I am trying to understand a statement from http://arxiv.org/abs/1312.1562, saying "... $H^1(\Sigma^x,T\Sigma) = 0$ since $H^1(\Sigma^x,\mathcal{O}) = 0$ and the Mittag-Leffler problem is solvable on the non-compact Riemann surface $\Sigma^x = \Sigma\backslash\{X\}$." (p.16). Here $\Sigma$ is a compact Riemann surface, $X\in\Sigma$ and $T\Sigma$ is the holomorphic tangent sheaf.
To my understanding, the second and third statement of the quote are equivalent, but how does the first one ($H^1(\Sigma^x,T\Sigma) = 0$) follow? Can the holomorphic tangent sheaf of a non-compact Riemann surface be identified with the sheaf of holomorphic functions?

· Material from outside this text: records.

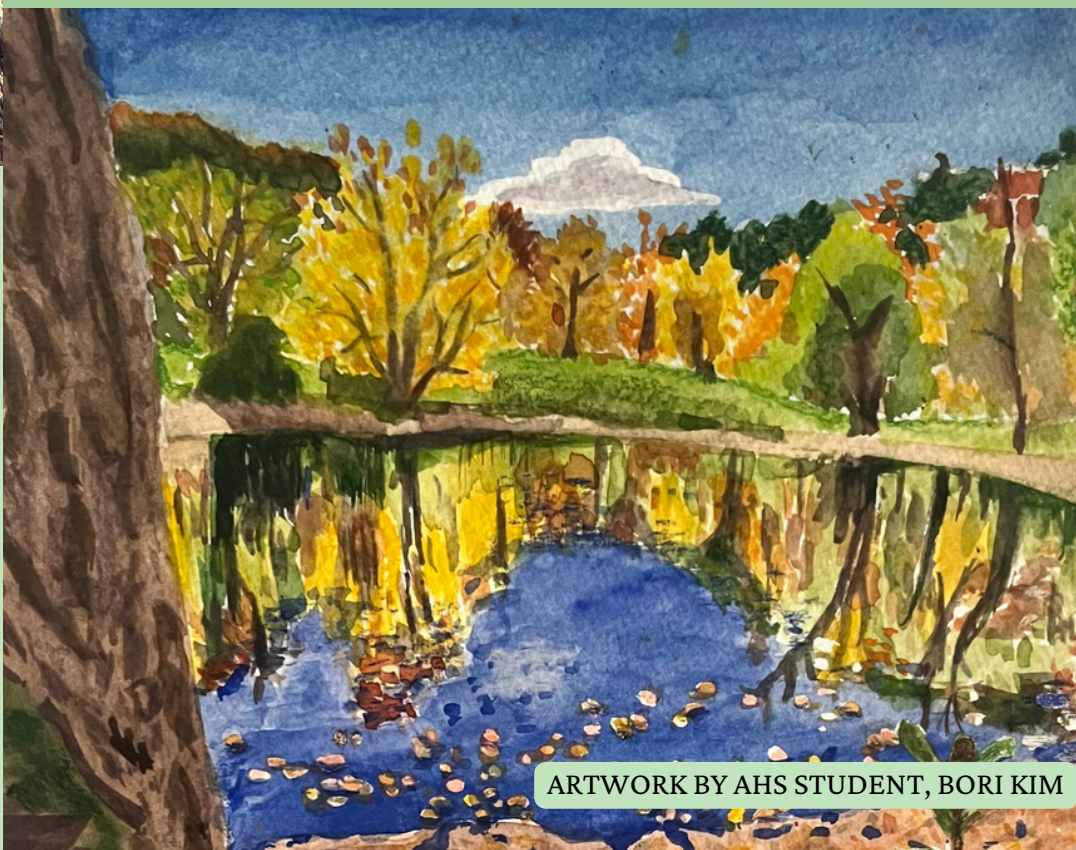
ARTWORK BY AHS STUDENT, BORI KIM

"AVIS manages its reservations to protect native habitat and provide opportunities for the public to experience, enjoy and learn about nature through passive recreation."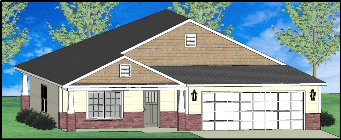
FRONT ELEVATION - OPTION "B"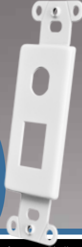
1 Space for 5-way Binding Post, RCA, Coaxial, Mini, or BNC & 1 Space for RJ-11 or RJ-45 Modular Connectors.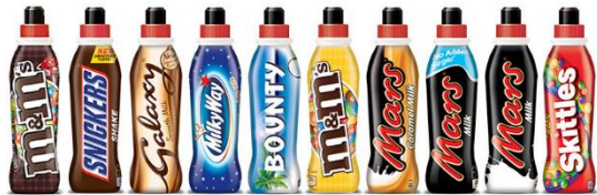
FLAVOURED MILK DRINKS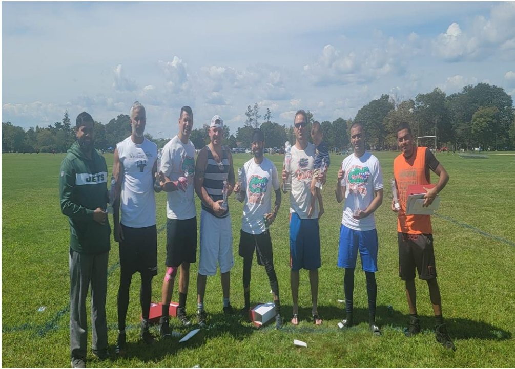
ABOVE: THE GATORS AFTER WINNING THEIR FIRST TITLE IN FRANCHISE HISTORY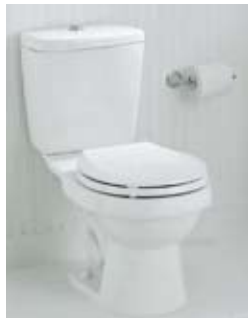
Karsten PB 402025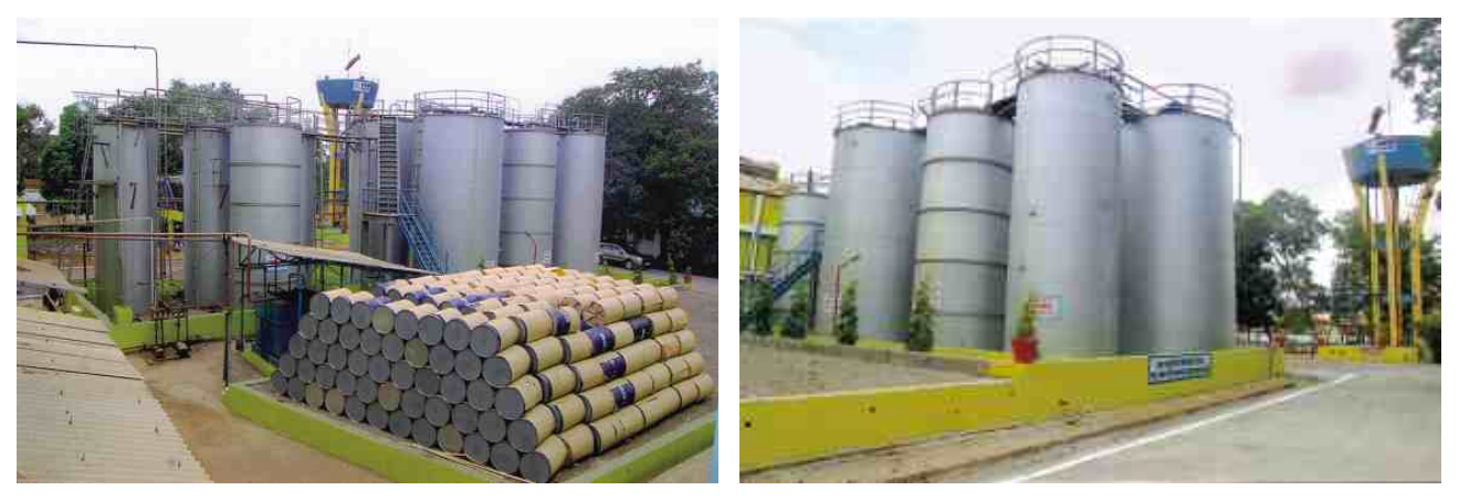
Raw Material Storage Facility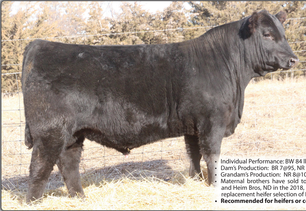
ME Top Cut 718 • Lot 25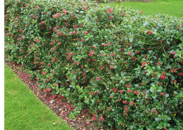
Evergreen hedges (e.g. Escallonia 'Donard Seedling')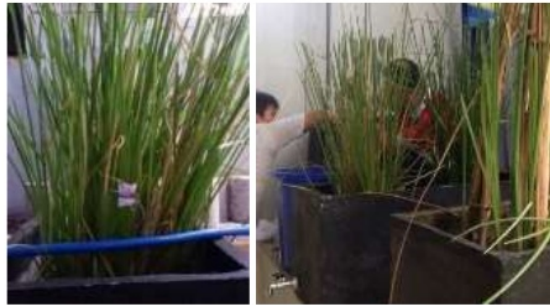
Figure 2. Constructed wetland with Vetiver grass ( Vetiveria zizanioides )

The application of the wetland system is very important to obtain processing results that meet the standard of agricultural water. Wetlands are made on a lab scale by utilizing aquatic plants as blackwater waste remediation agents. The type of plant used is Vetiver Root ( Vetiveria zizanioides ). This method is expected to be able to maximize the process of backwater waste treatment after going through the screening process with stratified filters.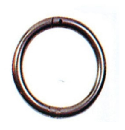
BULL RING - STAINLESS - 2 1/2" TC-91-1155 BULL RING - STAINLESS - 2 1/2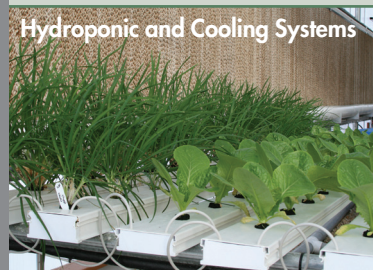
Hydroponic and Cooling Systems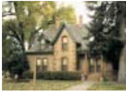
Avery House Historic District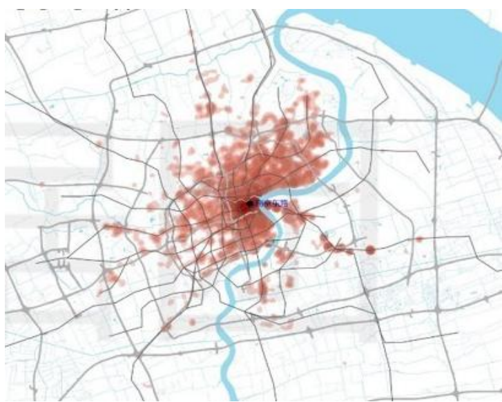
Fig.1. Distribution Chart of Mobile Communication Terminal Equipment of Communication Base Station on Nanjing East Road

Nowadays, mobile phones are the necessities of everybody's life. At the same time, according to the source of mobile phone numbers, it is also very convenient to count the consumption composition of the region. This study combines the mobile phone base station statistics of a mobile communication operator in China. (Shown in Fig.1) [Wang, et. al., 2015]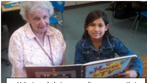
Volunteers help in our reading programs that support student achievement!

Our school district welcomes our families, our cultures and races, and our religions. We encourage parents, senior citizens, and other interested adults to volunteer in our schools. There is great reward in helping a child learn to read or become confident in math or science. The result of student success is a better world for everyone. We definitely see the results in our hometown because we have many of our graduates taking community roles of leadership here at home and in school.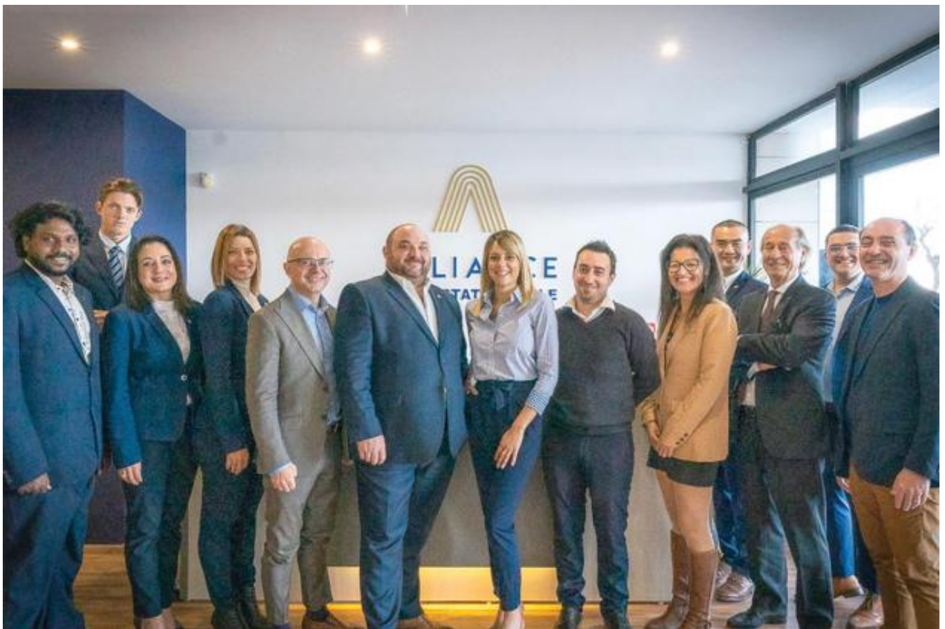
Alliance Real Estate: Innovating Malta's letting market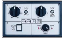
Mechanical timer (ME) Two timers : one for the drying time and one for the cooldown. Temperature switch : enables a simple temperature setting.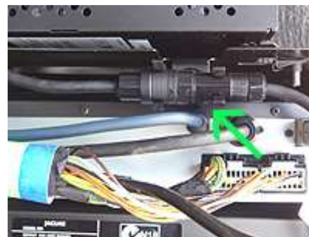
Fig. 1A plug/connector location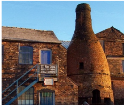
Stoke-on-Trent Bottle Kiln

Staffordshire prides itself on being 'the Creative County': Shropshire is the birthplace of the Industrial Revolution and the Black Country is renowned for its industry and all have significant opportunities for spouses who wish to develop careers in any sphere.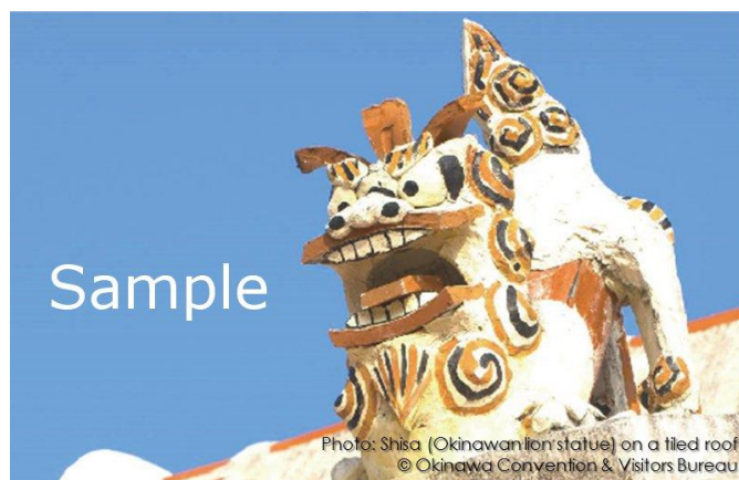
Fig. 2 An example of two or more lines of caption. In this case, the caption should be flushed left under the figure. Make one line space (or equivalent) above the figure caption.

letter of the word “Table” should be capitalized, followed by the table number and period, then the caption with the first letter of main words capitalized, all centered above the table as shown below. Use horizontal rules above and below.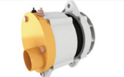
HIGH-CAPACITY ALTERNATOR 95-amp unit provides extra power for electrical accessories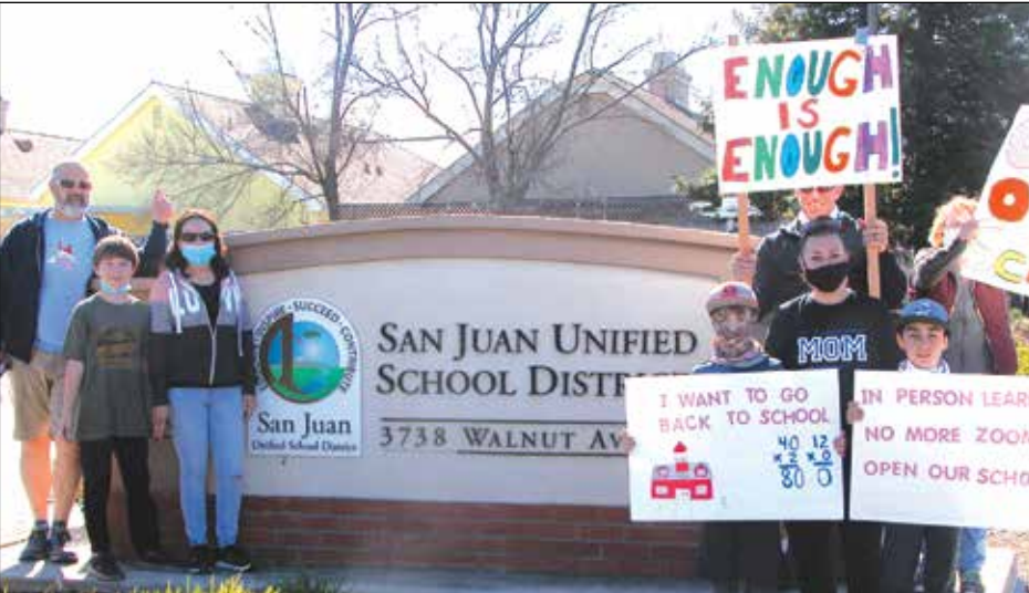
The Open Up SJUSD movement is pushing for students’ basic fundamental need to be back in school, in person.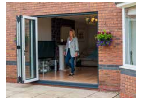
The Imagine Bi-Fold Door makes an attractive alternative to a traditional sliding patio door; completely opening your home up to the garden or patio.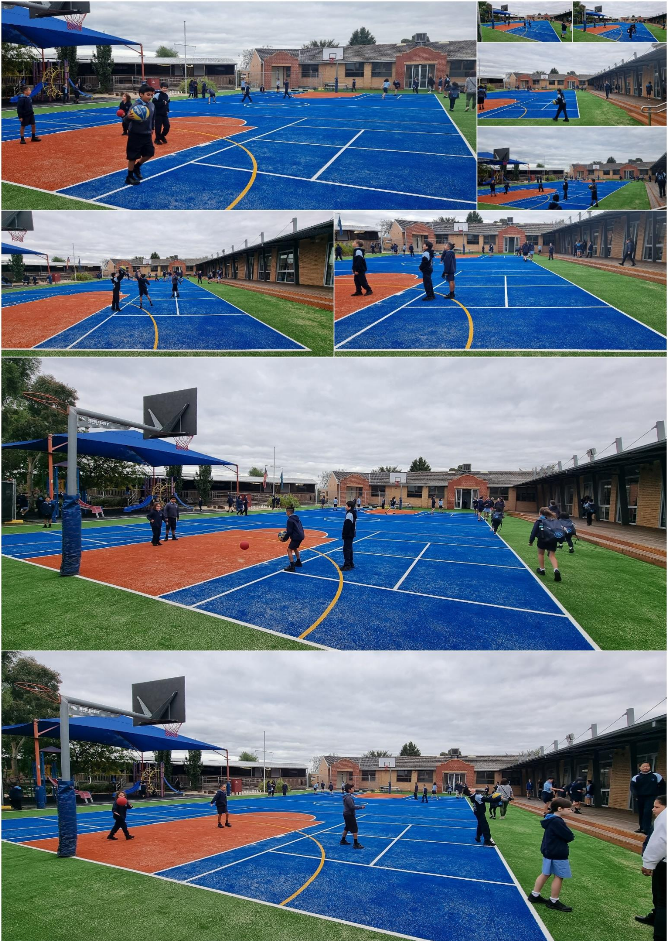
New Basketball Court Play Space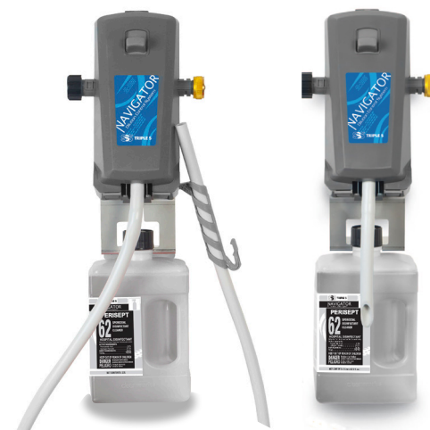
Bucket Fill #23202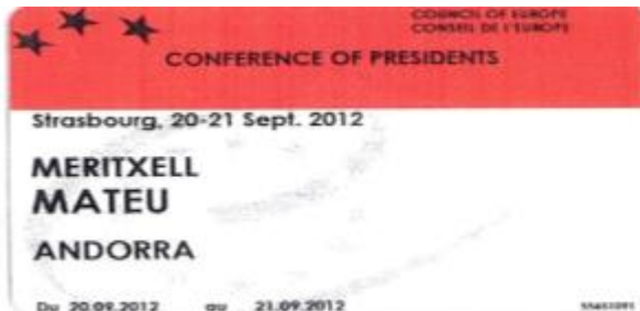
MEMBER OF PARLIAMENT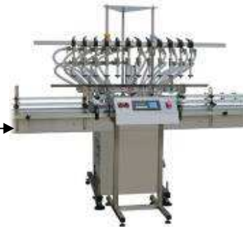
Filling and bottling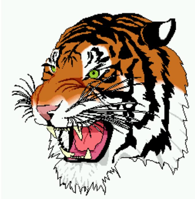
Figure 1. Tiger block image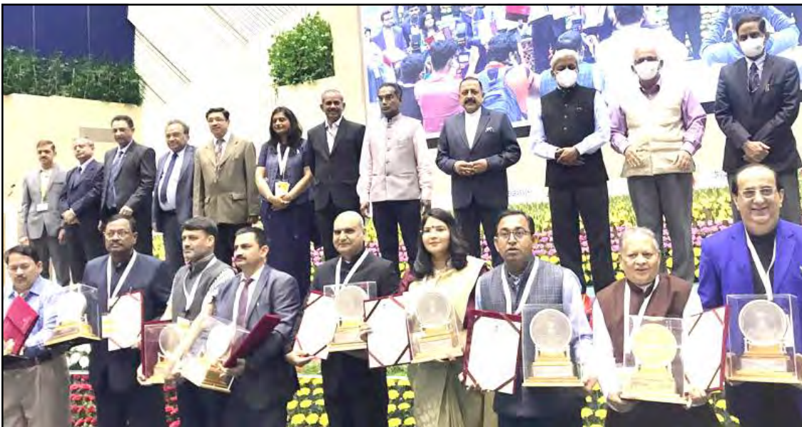
February 28, 2022 nü New Delhi nung National Science Week tembangba sentong nung Minister of State for Science and Technology and Earth Sciences (I/C), Prime Minister's Office, Personnel, Public Grievances and Pensions, Atomic Energy & Space, Jitendra Singh-i Science Communication Awards agütsüba noksa nung angur.

"Iba lima nung democracy tulutiba linük ka ama alima nung yimjung alitsü atema India-i anir kecha marendaki inyaksüla," ta laisa ashi.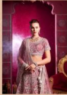
© 2014 Anantesh Lifestyle Pvt. Ltd. All Rights Reserved. Dress: 9817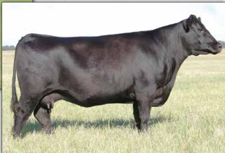
Wilks Blackcap 0D82

This popular and proven AI sire is a full brother to the dam of Lot 55.

Yes, the tangent sheaf of a non-compact Riemann surface $X$ can be identified with the sheaf of holomorphic functions:
Any holomorphic locally free sheaf of any rank on a non-compact Riemann surface is holomorphically trivial !
Amazing, eh?
You can find a proof on page 229 of Forster's masterful book.
Edit
At Jason's request let me translate the displayed statement into an equivalent one not involving sheaves:
Any holomorphic vector bundle of any rank on a non-compact Riemann surface is holomorphically trivial !